*** Source material ***
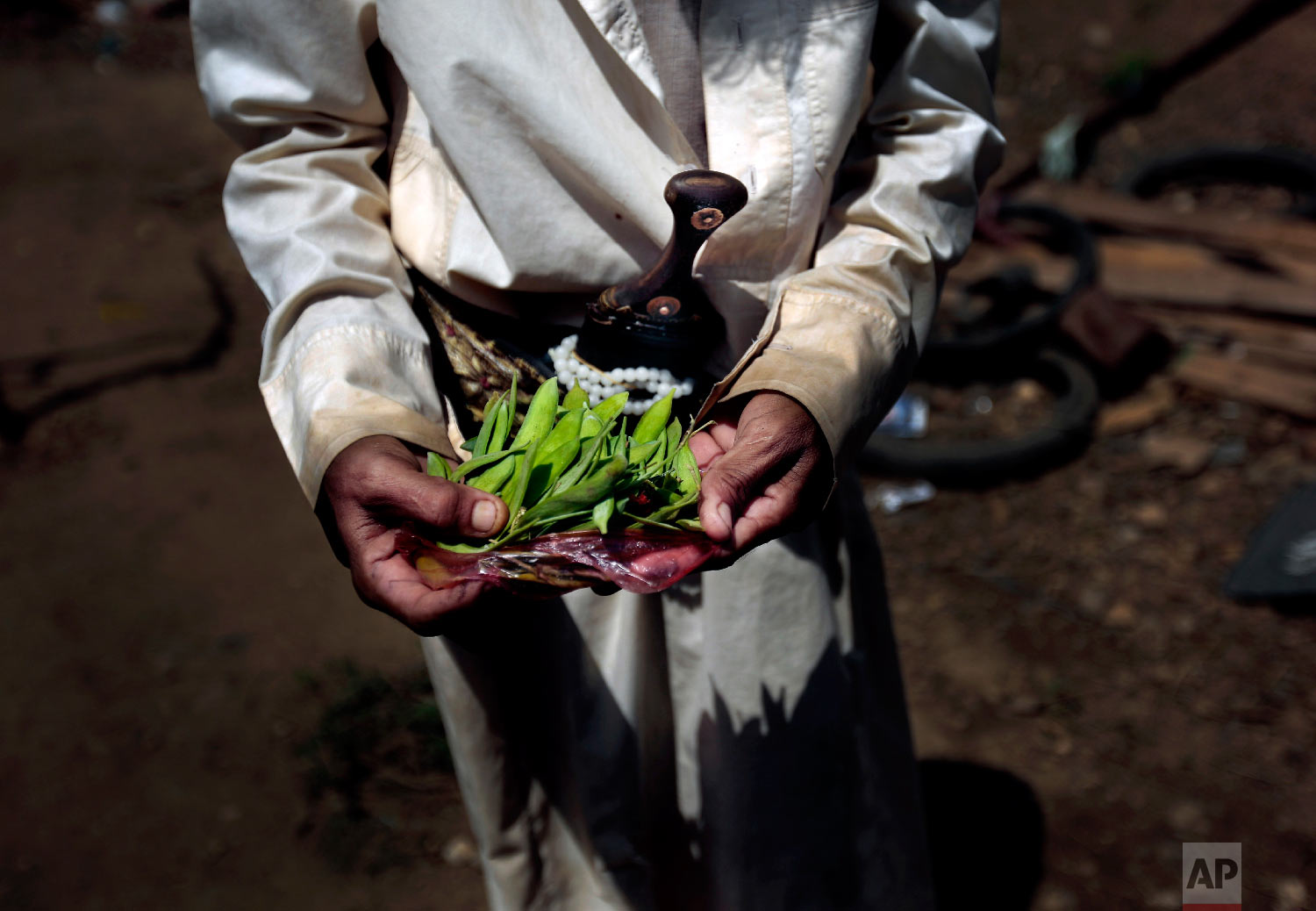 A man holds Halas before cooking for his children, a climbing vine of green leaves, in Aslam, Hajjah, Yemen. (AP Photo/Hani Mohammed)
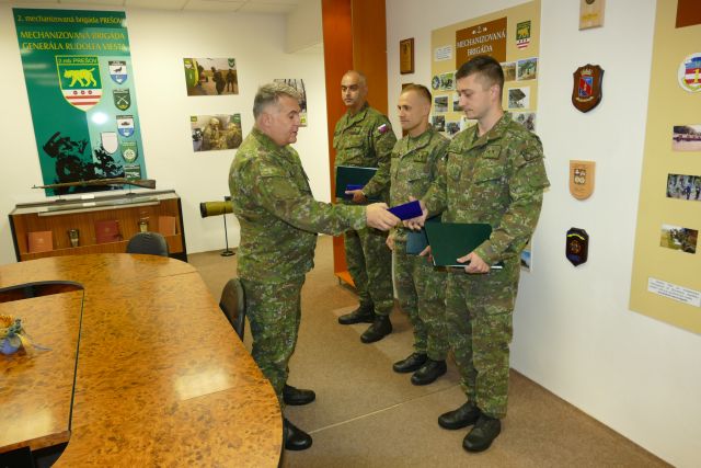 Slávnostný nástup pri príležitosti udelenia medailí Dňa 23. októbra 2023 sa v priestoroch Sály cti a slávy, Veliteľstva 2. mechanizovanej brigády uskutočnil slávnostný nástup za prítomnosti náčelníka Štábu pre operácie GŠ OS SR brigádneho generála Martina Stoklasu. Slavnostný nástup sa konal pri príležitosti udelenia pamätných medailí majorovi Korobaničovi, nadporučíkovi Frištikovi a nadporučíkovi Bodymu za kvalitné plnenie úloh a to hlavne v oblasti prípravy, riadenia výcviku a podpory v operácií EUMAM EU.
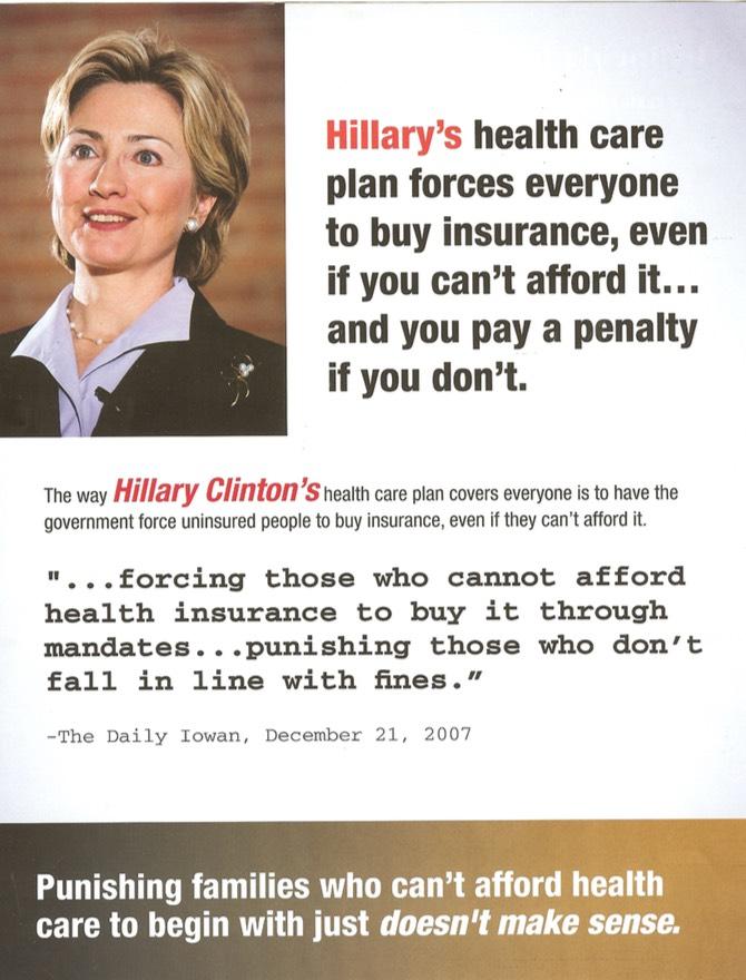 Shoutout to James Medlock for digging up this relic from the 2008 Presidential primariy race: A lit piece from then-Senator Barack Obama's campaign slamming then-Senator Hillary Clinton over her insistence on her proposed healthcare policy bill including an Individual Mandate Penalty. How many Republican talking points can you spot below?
*** End of Source material ***
:: What to do ::
Skip every picture, and give the rest of the material above again exactly.

:: Response to the exercise ::
 A man holds Halas before cooking for his children, a climbing vine of green leaves, in Aslam, Hajjah, Yemen. (AP Photo/Hani Mohammed)
 Slávnostný nástup pri príležitosti udelenia medailí Dňa 23. októbra 2023 sa v priestoroch Sály cti a slávy, Veliteľstva 2. mechanizovanej brigády uskutočnil slávnostný nástup za prítomnosti náčelníka Štábu pre operácie GŠ OS SR brigádneho generála Martina Stoklasu. Slavnostný nástup sa konal pri príležitosti udelenia pamätných medailí majorovi Korobaničovi, nadporučíkovi Frištikovi a nadporučíkovi Bodymu za kvalitné plnenie úloh a to hlavne v oblasti prípravy, riadenia výcviku a podpory v operácií EUMAM EU.
 Shoutout to James Medlock for digging up this relic from the 2008 Presidential primariy race: A lit piece from then-Senator Barack Obama's campaign slamming then-Senator Hillary Clinton over her insistence on her proposed healthcare policy bill including an Individual Mandate Penalty. How many Republican talking points can you spot below?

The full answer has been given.